Trouser-bomb clown attacks – how much should we laugh?

Lewis Page
The Register
Friday, January 8th, 2010

As the smoke clears following the case of Umar Farouk Abdul
Mutallab, the failed Christmas Day “underpants bomber” of
Northwest Airlines Flight 253 fame, there are just three simple points
for us Westerners to take away.

First: It is completely impossible to prevent terrorists from attacking airliners.

Second: This does not matter. There is no need for greater efforts on security.

Third: A terrorist set fire to his own trousers, suffering
eyewateringly painful burns to what Australian cricket commentators
sometimes refer to as the “groinal area”, and nobody seems
to be laughing. What’s wrong with us?

We’ll look at the first part to begin with.

In order to destroy an airliner and kill everyone on board, one
needs to do a certain amount of damage to it: a lot if it is on the
ground without much fuel in it, not so much if it is fuelled up, less
yet if it is flying at low altitude, and least of all if it is flying
high up.

Formerly there was the option of gaining access to the flight deck
– perhaps using the aircraft as a weapon, as on 9/11, perhaps to
carry out a hostage strategy – but those days are gone. The 9/11
hijackers have seen to it that the best and most effective ways for
terrorists to employ airliners are no longer open to them. Pilots will
never open flight deck doors again, no matter the threat to hostages in
the cabin; passengers will not permit themselves to be dominated; armed
sky marshals are back.
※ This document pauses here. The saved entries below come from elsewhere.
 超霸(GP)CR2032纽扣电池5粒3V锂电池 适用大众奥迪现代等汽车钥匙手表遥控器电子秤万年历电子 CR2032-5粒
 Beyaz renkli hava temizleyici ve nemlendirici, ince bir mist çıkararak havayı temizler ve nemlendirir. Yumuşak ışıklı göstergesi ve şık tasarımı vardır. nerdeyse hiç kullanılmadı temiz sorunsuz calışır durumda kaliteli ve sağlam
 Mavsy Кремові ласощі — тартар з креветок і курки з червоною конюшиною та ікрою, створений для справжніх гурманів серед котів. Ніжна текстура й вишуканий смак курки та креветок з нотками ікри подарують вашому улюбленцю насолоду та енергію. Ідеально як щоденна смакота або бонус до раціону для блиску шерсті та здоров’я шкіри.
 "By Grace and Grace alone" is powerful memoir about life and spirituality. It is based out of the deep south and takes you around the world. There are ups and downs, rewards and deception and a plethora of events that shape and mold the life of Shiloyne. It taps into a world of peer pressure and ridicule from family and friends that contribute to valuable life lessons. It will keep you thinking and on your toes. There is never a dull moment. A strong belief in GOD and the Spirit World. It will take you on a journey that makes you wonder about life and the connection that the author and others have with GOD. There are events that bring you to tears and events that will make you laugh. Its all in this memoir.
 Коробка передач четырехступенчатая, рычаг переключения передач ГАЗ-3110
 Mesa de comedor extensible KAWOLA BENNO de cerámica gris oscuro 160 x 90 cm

If all these fail, following the bloodbath at
Ground Zero fighter pilots will not hesitate to shoot.

So the damage must nowadays be done by other means than crashing,
most practically by detonating a charge of high explosives on the plane
while in flight. This doesn’t need to be too big, especially if
the jet is at cruising height so that the explosive effects will be
enhanced by depressurisation. This is why airliners are a favourite
target: because a fairly small amount of explosive can potentially kill
a large number of people in one go, which is not the case under most
circumstances.

It is an unfortunate and pretty much unavoidable fact that the
necessary amount of explosives can easily be carried through any
current or likely-future airport security regime, short of universal
strip + cavity searches and a total ban on carry-on luggage.

Let’s consider, for instance, a future security check
involving backscatter X-ray-through-clothes perv scans – much
more effective than millimetre wave – and X-raying of carry-on
bags as is already normal. There are several ways to beat this.
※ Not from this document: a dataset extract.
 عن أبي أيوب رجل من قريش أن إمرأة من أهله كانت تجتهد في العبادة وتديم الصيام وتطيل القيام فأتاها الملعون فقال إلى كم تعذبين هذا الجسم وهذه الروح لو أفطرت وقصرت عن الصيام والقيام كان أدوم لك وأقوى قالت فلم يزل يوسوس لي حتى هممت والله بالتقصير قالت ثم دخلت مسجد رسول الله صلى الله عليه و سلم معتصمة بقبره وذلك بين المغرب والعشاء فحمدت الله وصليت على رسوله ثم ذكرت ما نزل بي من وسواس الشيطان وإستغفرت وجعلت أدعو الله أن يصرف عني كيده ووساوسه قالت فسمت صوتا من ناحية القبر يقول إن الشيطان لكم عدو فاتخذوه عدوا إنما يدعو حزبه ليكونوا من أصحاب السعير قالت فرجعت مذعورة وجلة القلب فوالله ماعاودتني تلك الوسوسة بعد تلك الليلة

Firstly, detonators and firing devices can be disguised within
permitted electronic equipment such that they will pass through
X-raying without trouble. An AA battery casing full of
hexamethylenetriperoxidediamine (HMTD) – or some similar
sensitive primary – with a flashbulb filament in it is almost
impossible for an X-ray operator to pick out from among others, and can
be triggered by the flash circuits of any camera.
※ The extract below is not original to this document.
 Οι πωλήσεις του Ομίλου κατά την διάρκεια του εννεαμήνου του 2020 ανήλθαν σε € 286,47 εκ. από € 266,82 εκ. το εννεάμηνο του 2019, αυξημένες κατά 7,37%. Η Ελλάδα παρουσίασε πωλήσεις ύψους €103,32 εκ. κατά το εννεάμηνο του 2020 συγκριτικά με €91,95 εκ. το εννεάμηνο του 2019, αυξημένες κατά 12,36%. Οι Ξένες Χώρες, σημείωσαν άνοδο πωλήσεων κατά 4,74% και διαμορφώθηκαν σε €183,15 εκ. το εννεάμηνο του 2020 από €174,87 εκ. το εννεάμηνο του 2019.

The difficult bit is the main charge, which needs to be a decent
weight and volume of acceptably stable high explosive. But it’s
not that difficult. Here are just a few ideas:

  • Several terrorists – only one of whom would need to go aboard
    the target flight – could carry permissible amounts of liquid
    explosives through security, combining them later in the air-side
    lavatories.
  • Readily available plastic explosives can be rolled out into flat,
    uniform sheets – they can actually be bought in this form, for
    instance under the name “Sheetex” – and cut to shape
    with ease. Such sheets can easily be inserted into luggage, where they
    won’t look noticeably different from normal cardboard or plastic
    structure, partitions etc under X-ray if they aren’t too thick.
    There are many other ploys along these lines; a sensible and
    well-resourced terror group could probably buy an X-ray machine and
    develop a bag containing a charge, detonator and firing circuit which
    looked entirely legit under scan.
  • Reasonable amounts of main charge can be carried stuffed into body
    cavities, undetectable by any body-scan. They would need to be removed
    before use in order to escape the pronounced dampening effect of the
    human body, and probably combined with other such payloads to get a
    bang sure to do the job, but again teamwork and lavatories will see to
    this.
  • There’s more scope still for the use of checked baggage. US and many other airports nowadays X-ray this,
    but there are airports which don’t. You can easily find out, as a
    terrorist organisation, routes on which a checked bag won’t be
    X-rayed by packing some unexposed film and making some flights. Once
    you have identified an airport that doesn’t X-ray checked bags,
    simply put a large time- or barometrically-triggered bomb into a
    suitcase and have your suicide operative check it before boarding.

The list goes on – and on. Any reasonably competent terrorist
organisation, with access to funds, capable technical experts and a
small number of operatives able to move about the world freely can blow
up airliners in flight. You wouldn’t even necessarily need
suicide volunteers to carry the bombs, if you were cunning: dupes might
be convinced that they were smuggling drugs, money or other contraband,
or IRA-style “proxy bombers” could be forced to do your
bidding by seizing and threatening their families.